Дразус Рэнциус иногда зазывал меня с собой, на различные спортивные игры, проводимые в городе. Такие состязания включали в себя такие предметы как гонки, метание копья и камня. Обычно я соглашалась посмотреть один или два турнира, а затем не выдерживала и уходила. В целом, я сочла такие игры весьма скучным зрелищем. Когда я хотел покинуть трибуну, или перейти посмотреть на другое зрелище, он всегда подчинялся моим пожеланиям. В конце концов, я была Татрикс, а он был, всего лишь моим телохранителем. Однако, от одного турнира, я не смогла оторваться, к огромному его удивлению. Наоборот, я пробралась, и заняла место в первых рядах, совсем близко к огражденному рингу, и взволнованно вперилась взглядом в разворачивающееся действо. Это были поединки на вложенных в ножны мечах. Ножны были натёрты красным мелом для того, чтобы попадания по телу противника не остались незамеченными. Соперники, крепкие мужчины, раздетые до пояса, загорелые и статные, разминали мускулы друг против друга, готовясь вступить в бой. А потом началась схватка.

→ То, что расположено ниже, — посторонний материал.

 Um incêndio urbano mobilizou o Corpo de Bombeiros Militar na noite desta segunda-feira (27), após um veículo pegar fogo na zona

Их клинки замелькали как молнии, быстрые атаки чередовались с глухой защитой. Бойцы фехтовали с немыслимой для меня скоростью и мастерством под зоркими глазами рефери, поддержанного двумя помощниками, независимо друг от друга подсчитывавших очки. Я боялась даже представить себе, на что же будет похожа настоящий бой на мечах, неприкрытых ножнами. Я была напугана и взволнована развернувшимся передо мной зрелищем поединка двух мастеров меча, и женщины, я подумала, должно быть покорно ожидающей его результата. На цементном круге диаметром около пяти футов, и высотой в один, с противоположной стороны ринга, как если бы подчёркивая символизм происходящего, была прикована цепью молодая нагая женщина с очень изящной фигурой. Цепь от её ошейника сбегала к кольцу, вмурованному в центре диска, и была достаточно длинной, чтобы рабыня могла встать, что она иногда и делала. Однако, в основном, она сидела, или лежала, изогнувшись почти по-кошачьи на своём постаменте, наблюдая за поединками.

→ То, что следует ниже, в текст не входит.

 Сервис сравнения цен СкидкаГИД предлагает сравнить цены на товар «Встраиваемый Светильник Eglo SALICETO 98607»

Её ярко рыжие волосы, когда она грациозно поднималась на ноги, ниспадали почти до колен. Пока шли первые поединки, могло показаться, что ей не особенно интересно происходящее на ринге, но по мере того, как дело начало двигаться к финальным боям, ей всё труднее становилось скрывать свой интерес, и она всё внимательнее следила за фехтовальщиками. А в данный момент, женщина, уже не отрывая глаз, жадно наблюдала за перипетиями соревнования. Она была призом победителю этого турнира.

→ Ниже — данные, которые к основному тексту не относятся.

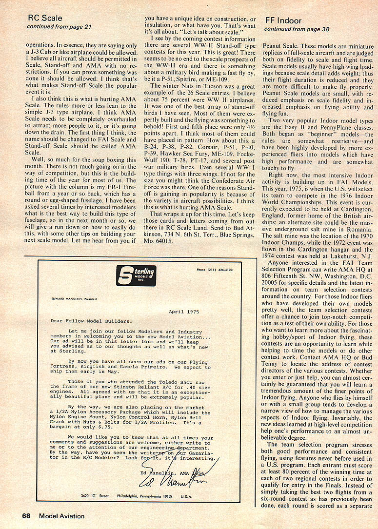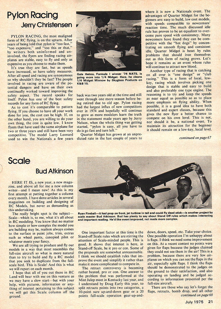 Pylon Racing Jerry Christensen PYLON RACING maligned form RC flying upturn After years being told pylon too fast too expensive too writers both uninformed un involved flyers finding racing air planes stable easy fly expensive choose make Its true fast speeds have increased have safety measures After speed racing synonymous shouldnt fast people involved racing aware po tential dangers have own continually worked toward improving safety aspect record speaks itself Pylon has best safety records form RC flying As cost its comparable pattern flying choose have work done cost can high other hand willing own thing cost quite low know flyers have used same airplane two three years still have very competitive model Larry Leonard used win Nationals few years Scale Bud Atkinson HERE IT IS new year new maga zine above new column writerand mean new As first attempt putting together column month have done articles several magazines building designing RC Models never demanding undertaking really bright spot subject Scale what its about RC modeling know no matter simple complex model building may realism always comes surface paint jobs trim extras such wheel pants canopied pilot whatever meets fancy trying produce fly models way resembles full-size aircraft what natural try build fly RC model seek duplicate fullscale bird Scale what will report month hope out RC Land will bear venture may have slow startbut help pictures information thing interest pertaining subject will get Scale column off ground back two years old time still went through season before ing retired due old age Pylon racing largest influx new competitors ever 1974 hopefully will continue grow modelers learn truth statement made years ago Jerry Nelson whole thing getting started pylon easy have go fast turn left Quarter Midget has grown unpre dicted rate last couple years important factor time Stand-off Scale rules stirring attention Scale-minded people good shows interest Stand-off Scale pro con Some proposals somewhat unreasonable think should establish rules im prove event simplify rather make complicated compete retract controversy becoming rather heated pro con answer problem performed Mint Julep meet Kentucky last year understand Doug Early year split retracts points two categories 10-point sure up-and-down gear 20 points full-scale operation gear-up-andwhere now Nationals event advantages Quarter Midget ginners easy build low cost models speeds compatible newcomers reaction time much discussed idle rule has proven equalizer over come pure speed consistency newcomers have found can com petitive hot dogs concen trating smooth flying consistent idle Quarter Midget beset rules problems should iron themselves out form racing grows Lets hope remains event rules will continue attract new blood Another type racing catching over design club racing form local lowkey racing involves picking design stable easy build also preferably type engine reasoning try keep speeds near equal possible place emphasis flying ability possible good idea have both standard expert classes because gives new flyer better chance compete own level nor should national event maintain its attraction beginner should remain low-key local level continued page 67 down doors speed etc Take choice possible operation Im unhappy about flaps think need some improvement recent contest no points given flaps because judges claimed could see air problem because very few air planes can see flaps air especially split flaps think flaps should demonstrated judges ground satisfaction also operating landing judged ac cording information -presented per full-size aircraft say lets forget flaps retracts bomb drop other continued page 68 July1975 21 Gale Helms Formula winner 74 NATS going 1/4 Midget cleans 1/4 Midget Minnow Skyglass Products K&B 16 Ryan Fireballit prop front let turbine tail could fly dead stickis another project scale master Bud Atkinson Bud has plenty say about Stand Off rules makes interesting important reading Hed like event improved made complex RC Scale continued page 21 operations essence saying J-3 Cub like airplane could allowed believe aircraft should permitted Scale Stand-off AMA no re strictions can prove something done should allowed think thats what makes Stand-off Scale popular event also think what hurting AMA Scale rules less lean simple J-3 type airplane think AMA Scale needs completely overhauled attract people its going down drain first thing think name should changed FAI Scale Stand-off Scale should called AMA Scale Well much soap boxing month much going way competition build ing time year us picture column FR-I Fire ball year back has round egg-shaped fuselage have asked several times interested modelers what best way build type fuselage next month will give run down easily some other tips building next scale model Let hear you have unique idea construction insulation what have Thats what its about Lets talk about scale see coming contest information several WW-ll Stand-off type contests year great seems no end scale prospects WW-ll era something about military bird making fast fly P-SI Spitfire ME-109 winter Nats Tucson great example 26 Scale entries believe about 75 percent WW II airplanes best array stand-off birds have seen Most ex pertly built flying something behold First fifth place 4Y2 points apart think could have placed pattern about B-24 P-38 P-82 Corsair P-SI P-40 P-39 Hawker Sea Fury ME-109 Focke WuIf 190 T-28 PT-17 several post war military birds several WW type things three wings size might think Confederate Air Force reasons Stand off gaining popularity because variety aircraft possibilities think what hurting AMA Scale wraps up time Lets keep cards letters coming out RC Scale Land Send Bud kinson 734 N 6th St Terr Blue Springs Mo 64015 FF Indoor continued page 38 Peanut Scale models miniature replicas full-scale aircarft judged both fidelity scale flight time Scale models usually have high wing lad ings because scale detail adds weight

– Не пора ли нам возвращаться? – поинтересовался Дразус Рэнциус один раз, во время перерыва между поединками.

– Нет! – воскликнула я, не скрывая своего волнения, отчего воин озадаченно уставился на меня, и мне пришлось объяснить свой интерес. – Я хочу увидеть того, кто выигрывает её.

Он просмотрел на женщину-приз. Как раз в этот момент та стояла, испуганно прижав одну руку к груди. Её дрожь передавалась цепи, свисавшей с её шеи.

– Она – всего лишь рабыня, – заметил он, но, пожав плечами, сел рядом, терпеливо ожидая момента, когда я соблаговолю отправиться во дворец.

Насколько же я рассердилась на него за его бесчувственность! Разве он не разглядел чувств, бедной девушки, разве он не видел, как она дрожит от страха? У неё же цепь на шее. Она – приз. Она даже не знает, кому она достанется! Она не знает, кем окажется тот, кому она должна будет служить, кем будет тот, чьей собственностью она вскоре станет! Бедное, нежное, беспомощное посаженное на цепь животное! Насколько же черствы и глупы мужчины! Но также, мне нравится она, выставленная в качестве символа удачи в поединке, в качестве вызова мужчинам – выиграй или потеряешь. Мои мысли метались между догадками и ожиданиями. Безусловно, мужскую аудиторию интересовали лишь поединки и бойцы. Они наблюдая стили и навыки соперников и считая очки, оценивали мечников. Конечно же, им не было никакого дела до напуганного приза, прикованного цепью. Конечно, они больше интересовались особенно удачными ударами, уколами или замысловатыми и жестокими комбинациями, которые неизменно и бурно приветствовались, ударами ладонью по левому плечу. Я же, с другой стороны, была склонна смотреть на эти поединки совсем по-другому, и в большей степени с точки зрения приза.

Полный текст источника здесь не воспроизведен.